Input data below:

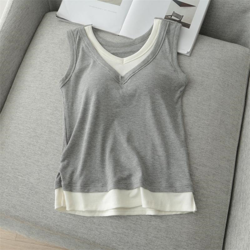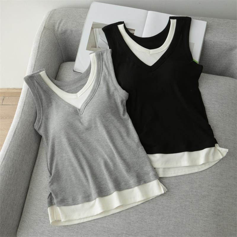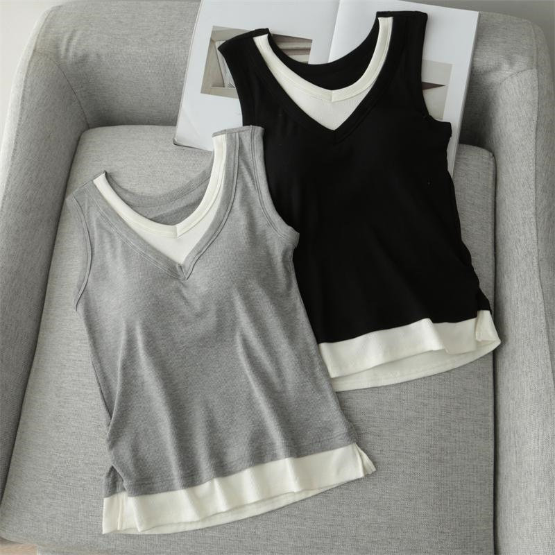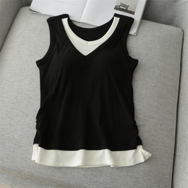 📚 300斤修身撞色假两件吊带背心大码V领不可拆卸一体胸垫外穿上衣女
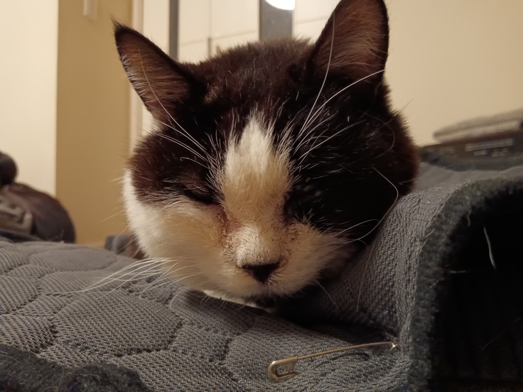 余談ですが、インスタグラムをご覧の方はご存知かもしれませんが、我が家の1番の古参ねこ、こうめが昨日手術をしました。横隔膜ヘルニアとそれに伴う腹膜炎、肺炎、無気肺です。炎症が強すぎて、炎症反応は測れないくらいが2週間程度持続してます。一時は腎機能の数値がこれまた測れない、カルシウム値があがりけいれんをおこす、と命の危機に瀕してました。貧血もはじまり、これから内科的治療をしても命は長くないと宣告され、超ハイリスクな中、手術を決行しました。なんとか終了し、考えられていた悪性腫瘍は否定されそうですが、胆管も横隔膜もボロボロだったようです。術後の肺水腫や腹膜炎の悪化も気になるとこですが、今日あらたに血圧が上がらない事態が発生。2種類の昇圧剤をつかってました。
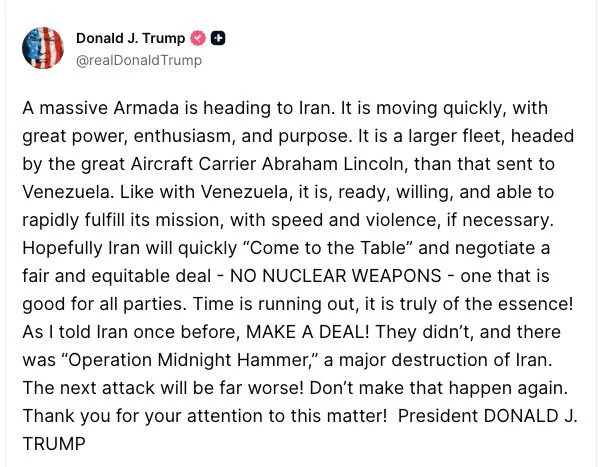 Donald Trump a adressé mercredi un avertissement particulièrement explicite à l’Iran, affirmant que « le temps est compté » pour parvenir à un accord destiné à éviter une intervention militaire américaine. Dans un message publié sur son réseau Truth Social, le président américain a déclaré qu’une « massive armada » de navires de guerre était en route vers la région, prête à agir « avec rapidité et violence si nécessaire ».

End of Input data.

# [Work item]
A word-for-word transcription of the listing is needed, minus its images.

# [Solution to this task]
 📚 300斤修身撞色假两件吊带背心大码V领不可拆卸一体胸垫外穿上衣女
 余談ですが、インスタグラムをご覧の方はご存知かもしれませんが、我が家の1番の古参ねこ、こうめが昨日手術をしました。横隔膜ヘルニアとそれに伴う腹膜炎、肺炎、無気肺です。炎症が強すぎて、炎症反応は測れないくらいが2週間程度持続してます。一時は腎機能の数値がこれまた測れない、カルシウム値があがりけいれんをおこす、と命の危機に瀕してました。貧血もはじまり、これから内科的治療をしても命は長くないと宣告され、超ハイリスクな中、手術を決行しました。なんとか終了し、考えられていた悪性腫瘍は否定されそうですが、胆管も横隔膜もボロボロだったようです。術後の肺水腫や腹膜炎の悪化も気になるとこですが、今日あらたに血圧が上がらない事態が発生。2種類の昇圧剤をつかってました。
 Donald Trump a adressé mercredi un avertissement particulièrement explicite à l’Iran, affirmant que « le temps est compté » pour parvenir à un accord destiné à éviter une intervention militaire américaine. Dans un message publié sur son réseau Truth Social, le président américain a déclaré qu’une « massive armada » de navires de guerre était en route vers la région, prête à agir « avec rapidité et violence si nécessaire ».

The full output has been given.